Aqui, como em "A História Cultural", o historiador afirma que "todo texto é um produto de uma leitura, uma construção do seu leitor", mas "este leitor não toma nem o lugar do autor, nem um lugar de autor", pois cabe ao leitor uma segunda invenção.
Apesar de ser um pesquisador voltado fundamentalmente para a constituição de uma história da leitura, neste livro ele enfatiza o processo pelo qual se deu a construção do autor. A diferença entre "A Ordem do Livros" e "A História Cultural", além dos onze anos que os separam, está justamente no fato de Chartier, neste, revalorizar a importância do autor para o estudo do livro.
Crítico em relação ao "new criticism" e ao "analytical bibliography", mais afinado com a sociologia da produção cultural de Pierre Bourdieu e com a estética da recepção, ele observa que "apesar das diferenças, todas essas abordagens têm como ponto comum rearticular o texto ao seu autor e a obra às vontades ou às posições do produtor".
Nesta passagem, Chartier se remete à figura do autor que "ao mesmo tempo é dependente e reprimido".
Dependente do editor e do leitor, ambos agentes transformadores de sua obra. Reprimido por ter que se submeter "às determinações do espaço social", hoje cada vez mais dividido.
O autor, na história cultural proposta em "A Ordem dos Livros", é a peça de articulação dos debates sobre a produção de textos, suas formas e seus leitores. Peça, portanto, que não deve ser descartada.
A história francesa do livro produzida nos últimos trinta anos tem sido objeto constante da crítica de Chartier.
Para o historiador, os estudos franceses privilegiaram pesquisas quantitativas sobre as obras com o objetivo de estabelecer as diferenças culturais nas sociedades dos séculos 16 e 18.
Evitar as análises que constroem as distâncias entre as práticas culturais e as oposições sociais é um esforço necessário para se estabelecer novos campos. "A perspectiva de análise deve se modificada, preocupando-se em desenhar, primeiro, as áreas sociais nas quais circula cada corpus de textos e cada gênero de impresso".
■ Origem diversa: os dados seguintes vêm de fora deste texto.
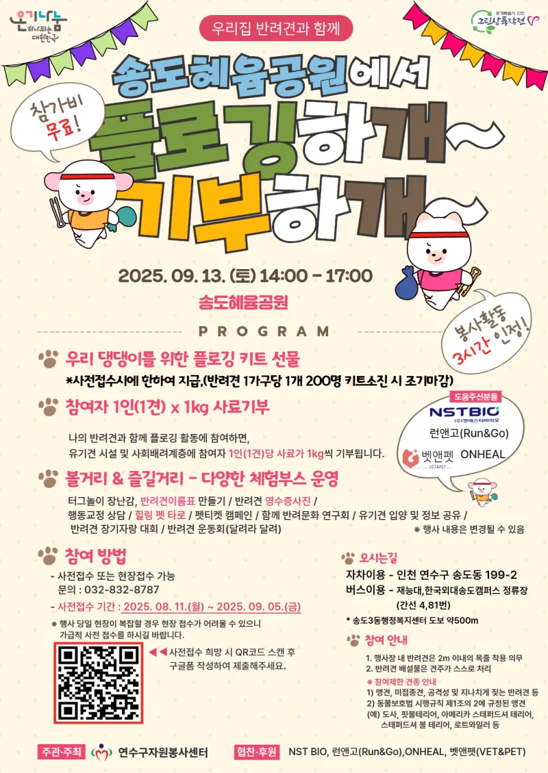 ◎ 일 시 : 2025.09.13.(토) 14시~17시 ◎ 장 소 : 송도혜윰공원 (송도동199-2) ◎ 행사내용 : 자원봉사로 만들어가는 나눔과 기부문화 조성 ① 사전신청접수자 반려견 플로깅 키트선물 ② 환경과 이웃을 배려하는 반려견과 함께 플로깅 (조별활동) - 기업의 후원을 통한 플로깅 참여자 1견 1kg 사료 유기견 관련 시설에 기부 ③ 다양한 체험부스 - 터그놀이 장난감/ 반려견 이름표만들기 / 반려견 영 영수증가족사진 / 행동교정 상담 / 힐링 펫 타로 / 함께반려문화연구회/ 펫티켓 캠페인 / 유기견 입양 및 정보 공유 ...
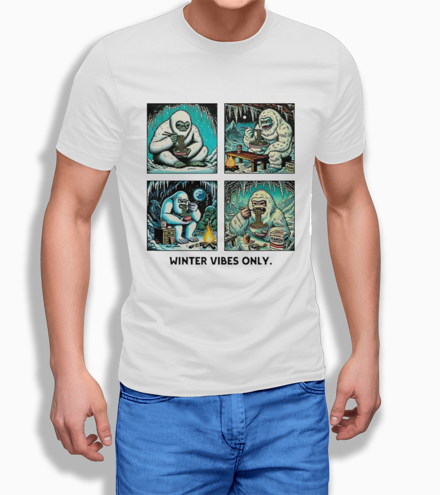 Winter Vibes Yeti Enjoying Ramen Under Icy Cave T-Shirt
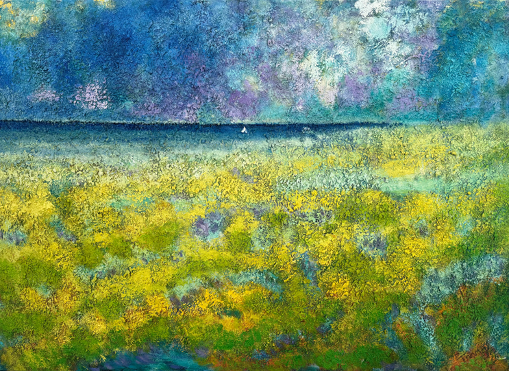 In zijn landschappen gaat het om de weergave van het essentiële om het wezen van wat als eenheid van lucht, licht , ruimte en atmosfeer in het landschap aanwezig zijn.
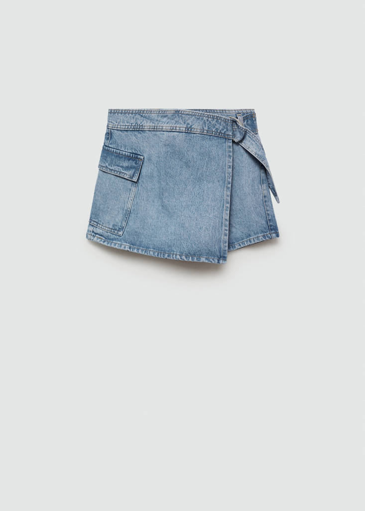 Denim-style cotton fabric. Mid-rise. Skort design. Straight design. Short design. Belt loops. Patch pocket on the side. Double button and zip closure. Decorative belt
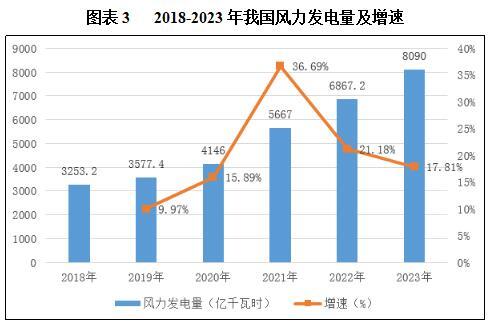 我国在风电技术研发和生产方面不断增加投入、提升技术水平和产能,已成为全球领先的风电制造国家。中国作为全球最大的风电市场,陆上风电及海上风电均蕴藏较大潜力,且近年来发展较为迅速,2022年我国风电发电量已达6867.2亿千瓦时,同比增长21.18%。2023年,全国风电发电量8090亿千瓦时,同比增长17.81%。
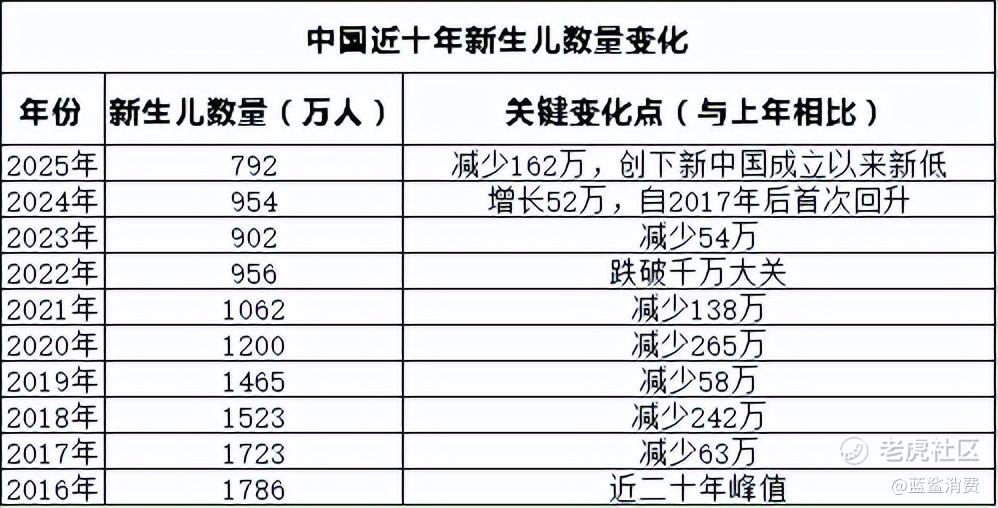 中国母婴市场正站在一个关键的历史节点。自2016年人口出生人数达到1867万的短暂高峰后,中国新生儿数量不断下滑——尽管2024年出生人口实现了自2017年以来的首次回升,达到954万人,但到2025年又下降到不足800万(792万),人口红利退潮已成不争的事实。

Em sua metodologia, o historiador francês privilegia os objetos –e "não as classes ou os campos"– e propõe novidades, como a compreensão do fato de textos similares serem assimilados por grupos sociais distintos e a valorização do aspecto gráfico da obra.
"Observar como as formas materiais afetam o sentido do leitor, localizar a diferença social nas práticas mais do que nas diferenças estatísticas são muitas das vias possíveis para quem quer entender, como historiador, essa produção silenciosa que é a atividade leitora", escreve Chartier.
Nesta pequena-grande obra, Chartier apresenta ao público brasileiro sua versão da história da cultura francesa e introduz ao leitor a reflexão sobre a construção da imagem do autor, a formação das "comunidades" de leitores e o significado das bibliotecas para a história do livro.
"A Ordem dos Livros" traz boas questões para os historiadores e, sem dúvida, é leitura indispensável para todos aqueles que têm no livro o seu objeto de pesquisa.